Your goal:
Find the word "round" in the data, then copy each line where it is found.
--
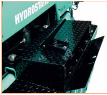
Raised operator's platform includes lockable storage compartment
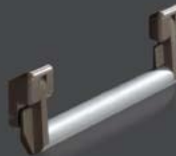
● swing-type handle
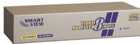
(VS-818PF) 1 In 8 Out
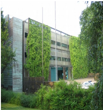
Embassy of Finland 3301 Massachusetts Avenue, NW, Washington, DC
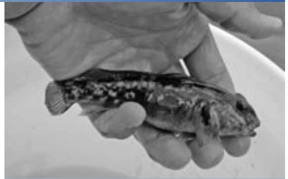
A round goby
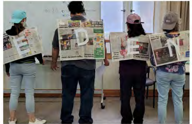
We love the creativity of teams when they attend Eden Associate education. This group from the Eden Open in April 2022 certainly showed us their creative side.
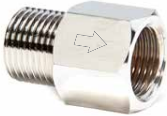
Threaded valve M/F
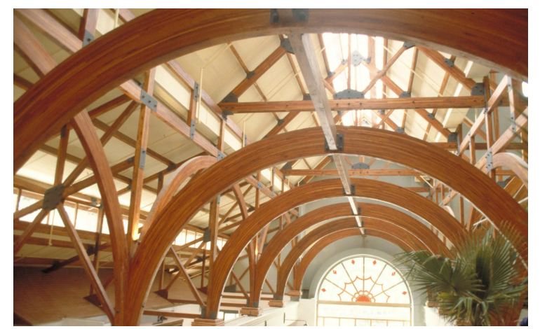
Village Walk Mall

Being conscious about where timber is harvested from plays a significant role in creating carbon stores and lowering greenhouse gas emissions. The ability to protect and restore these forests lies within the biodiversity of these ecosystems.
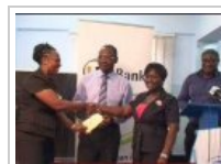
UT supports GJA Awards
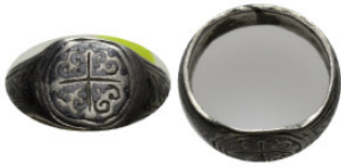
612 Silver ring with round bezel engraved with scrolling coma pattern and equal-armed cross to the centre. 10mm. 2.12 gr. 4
--
Answer to the problem:
A round goby
612 Silver ring with round bezel engraved with scrolling coma pattern and equal-armed cross to the centre. 10mm. 2.12 gr. 4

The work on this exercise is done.